*** Dataset excerpt Section Begins ***

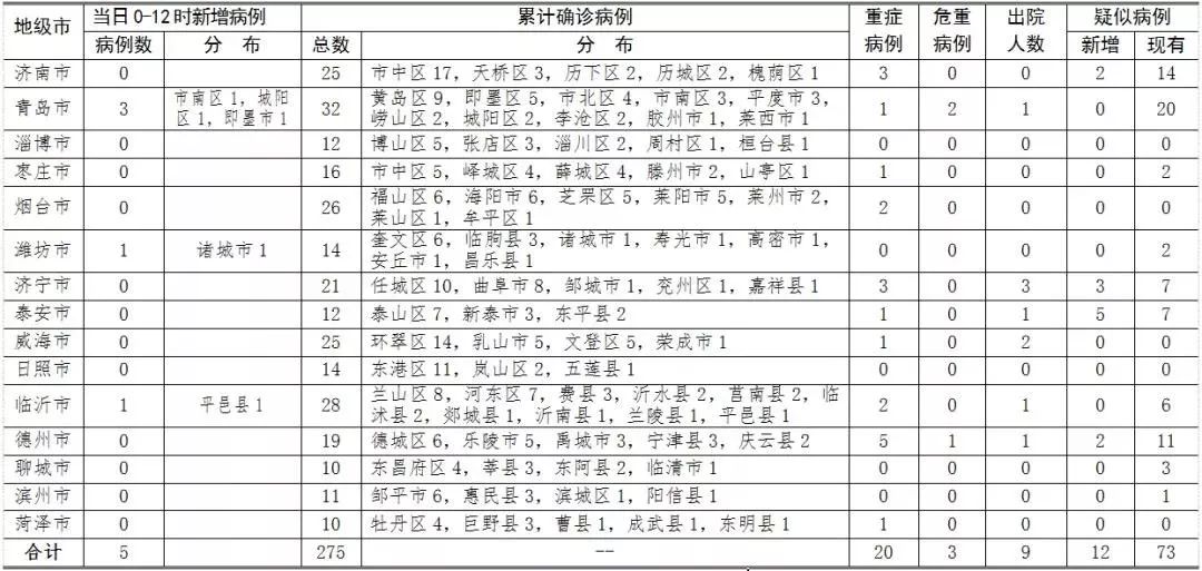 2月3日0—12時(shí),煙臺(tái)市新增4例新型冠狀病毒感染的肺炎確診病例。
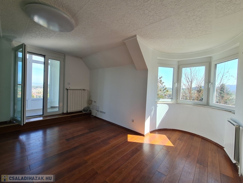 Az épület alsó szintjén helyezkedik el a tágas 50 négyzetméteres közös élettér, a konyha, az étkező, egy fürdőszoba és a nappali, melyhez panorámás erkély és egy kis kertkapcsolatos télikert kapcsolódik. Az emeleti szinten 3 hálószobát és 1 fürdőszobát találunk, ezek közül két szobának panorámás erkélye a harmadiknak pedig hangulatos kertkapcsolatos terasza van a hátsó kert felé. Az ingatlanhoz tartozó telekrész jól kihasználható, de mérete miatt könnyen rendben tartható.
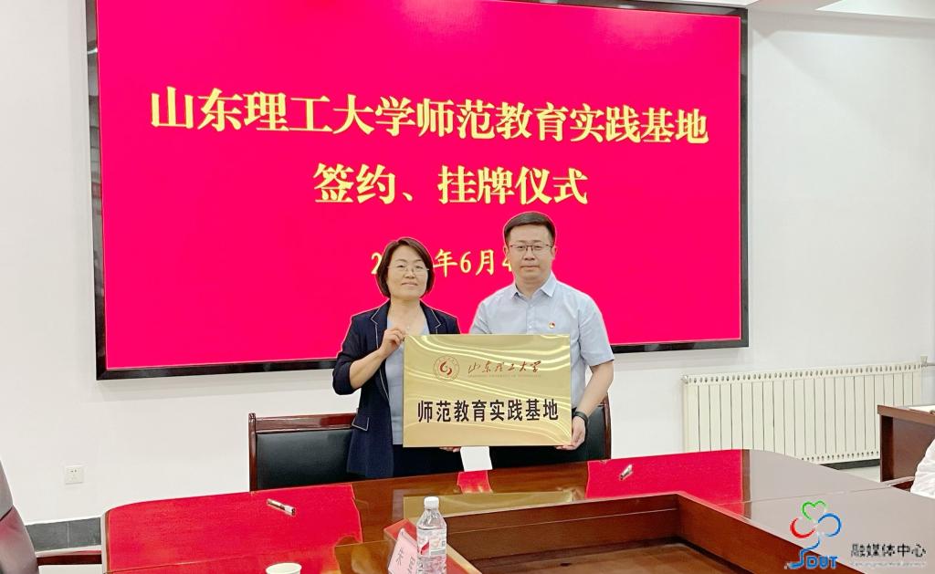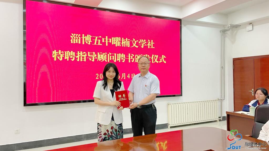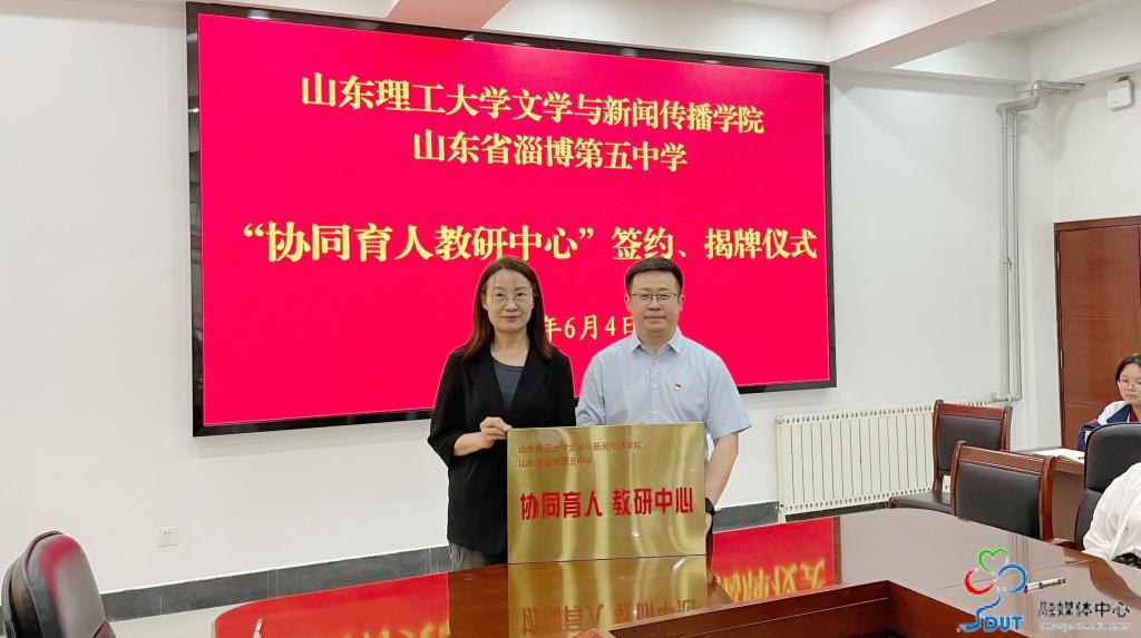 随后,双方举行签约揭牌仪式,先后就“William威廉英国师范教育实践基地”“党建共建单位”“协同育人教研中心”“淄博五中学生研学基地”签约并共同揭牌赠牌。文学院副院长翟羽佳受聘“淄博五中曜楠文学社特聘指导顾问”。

*** Dataset excerpt Section Ends ***

* [Work request]
Each line from the one that contains "Az épület alsó" to the end of the listing must be quoted exactly; no other line and no picture belongs in the copy.

* [Written answer]
 Az épület alsó szintjén helyezkedik el a tágas 50 négyzetméteres közös élettér, a konyha, az étkező, egy fürdőszoba és a nappali, melyhez panorámás erkély és egy kis kertkapcsolatos télikert kapcsolódik. Az emeleti szinten 3 hálószobát és 1 fürdőszobát találunk, ezek közül két szobának panorámás erkélye a harmadiknak pedig hangulatos kertkapcsolatos terasza van a hátsó kert felé. Az ingatlanhoz tartozó telekrész jól kihasználható, de mérete miatt könnyen rendben tartható.
 随后,双方举行签约揭牌仪式,先后就“William威廉英国师范教育实践基地”“党建共建单位”“协同育人教研中心”“淄博五中学生研学基地”签约并共同揭牌赠牌。文学院副院长翟羽佳受聘“淄博五中曜楠文学社特聘指导顾问”。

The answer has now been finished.